■ REQUIREMENT:
Please keep the pictures out and write out exactly the lines from the first in the data below through the one containing "- Brush with", both included.

■ DATA EXTRACT:
****************
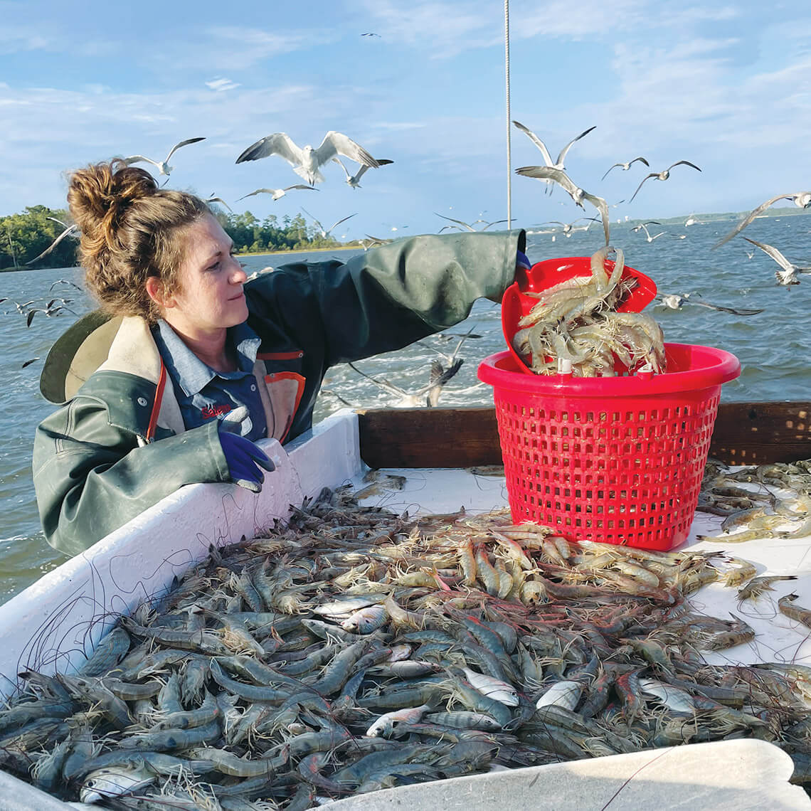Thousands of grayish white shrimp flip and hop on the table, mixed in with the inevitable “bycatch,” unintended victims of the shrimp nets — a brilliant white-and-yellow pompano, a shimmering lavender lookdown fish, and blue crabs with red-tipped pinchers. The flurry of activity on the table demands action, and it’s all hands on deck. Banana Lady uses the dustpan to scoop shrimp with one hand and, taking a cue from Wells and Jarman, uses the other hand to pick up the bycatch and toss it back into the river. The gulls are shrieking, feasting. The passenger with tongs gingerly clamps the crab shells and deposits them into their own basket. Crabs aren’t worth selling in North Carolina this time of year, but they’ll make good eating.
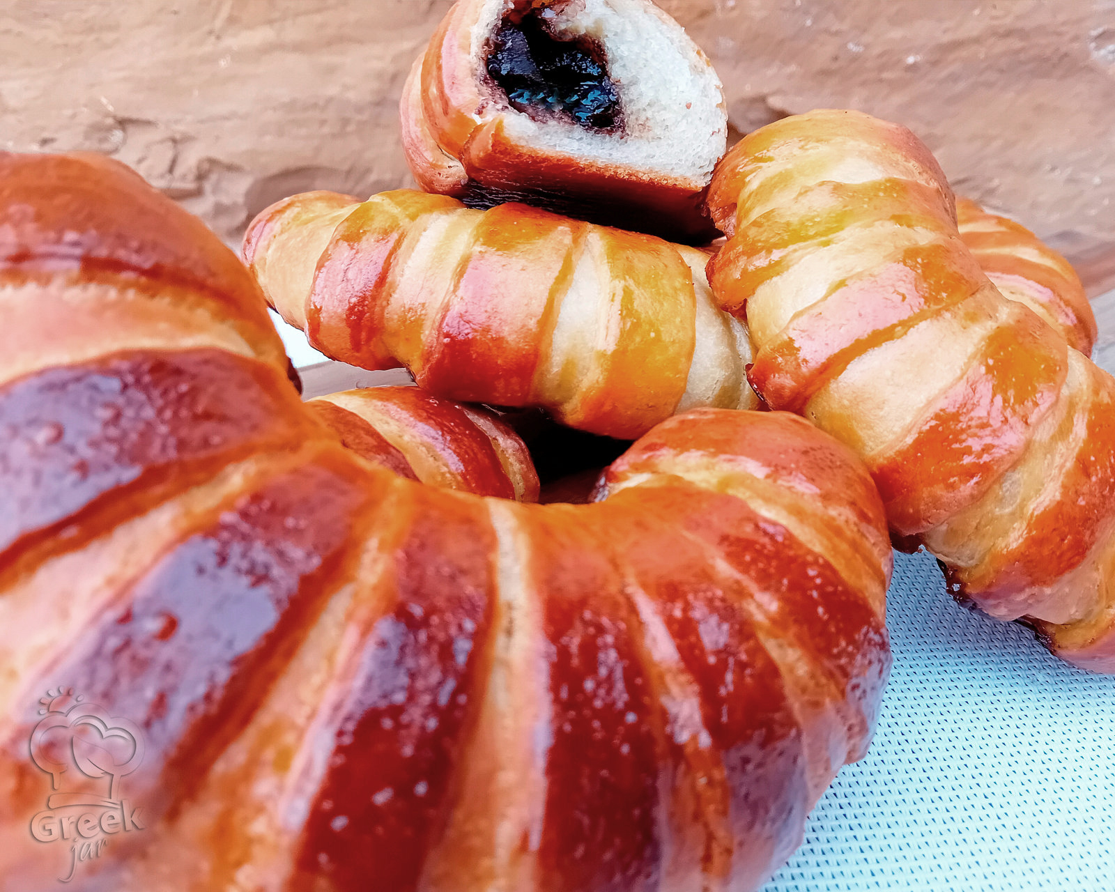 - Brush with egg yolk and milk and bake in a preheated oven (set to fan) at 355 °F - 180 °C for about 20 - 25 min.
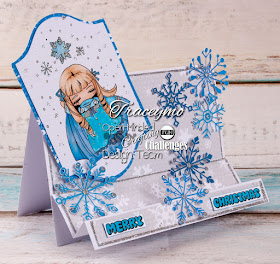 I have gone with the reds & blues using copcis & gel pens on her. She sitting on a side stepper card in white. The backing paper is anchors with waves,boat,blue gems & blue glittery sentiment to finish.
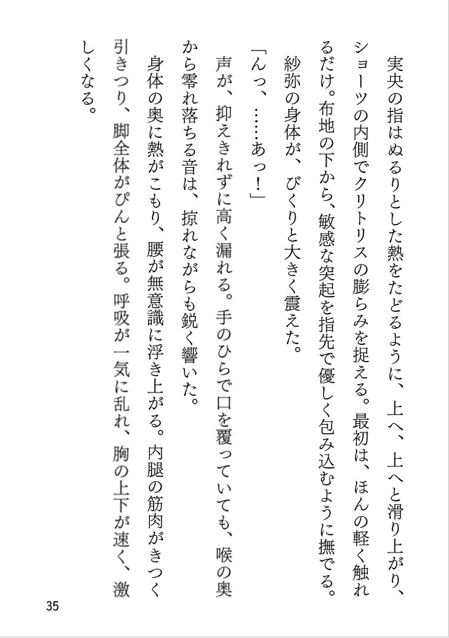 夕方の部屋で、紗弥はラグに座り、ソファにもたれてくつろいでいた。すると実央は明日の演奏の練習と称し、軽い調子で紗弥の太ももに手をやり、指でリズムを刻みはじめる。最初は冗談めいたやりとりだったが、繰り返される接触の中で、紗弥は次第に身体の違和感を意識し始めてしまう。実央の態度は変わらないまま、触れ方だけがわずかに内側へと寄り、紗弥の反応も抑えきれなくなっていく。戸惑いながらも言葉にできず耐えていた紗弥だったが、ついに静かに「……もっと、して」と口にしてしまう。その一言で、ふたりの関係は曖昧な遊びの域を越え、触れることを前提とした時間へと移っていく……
****************
■ SOLUTION FOR THIS EXERCISE:
Thousands of grayish white shrimp flip and hop on the table, mixed in with the inevitable “bycatch,” unintended victims of the shrimp nets — a brilliant white-and-yellow pompano, a shimmering lavender lookdown fish, and blue crabs with red-tipped pinchers. The flurry of activity on the table demands action, and it’s all hands on deck. Banana Lady uses the dustpan to scoop shrimp with one hand and, taking a cue from Wells and Jarman, uses the other hand to pick up the bycatch and toss it back into the river. The gulls are shrieking, feasting. The passenger with tongs gingerly clamps the crab shells and deposits them into their own basket. Crabs aren’t worth selling in North Carolina this time of year, but they’ll make good eating.
 - Brush with egg yolk and milk and bake in a preheated oven (set to fan) at 355 °F - 180 °C for about 20 - 25 min.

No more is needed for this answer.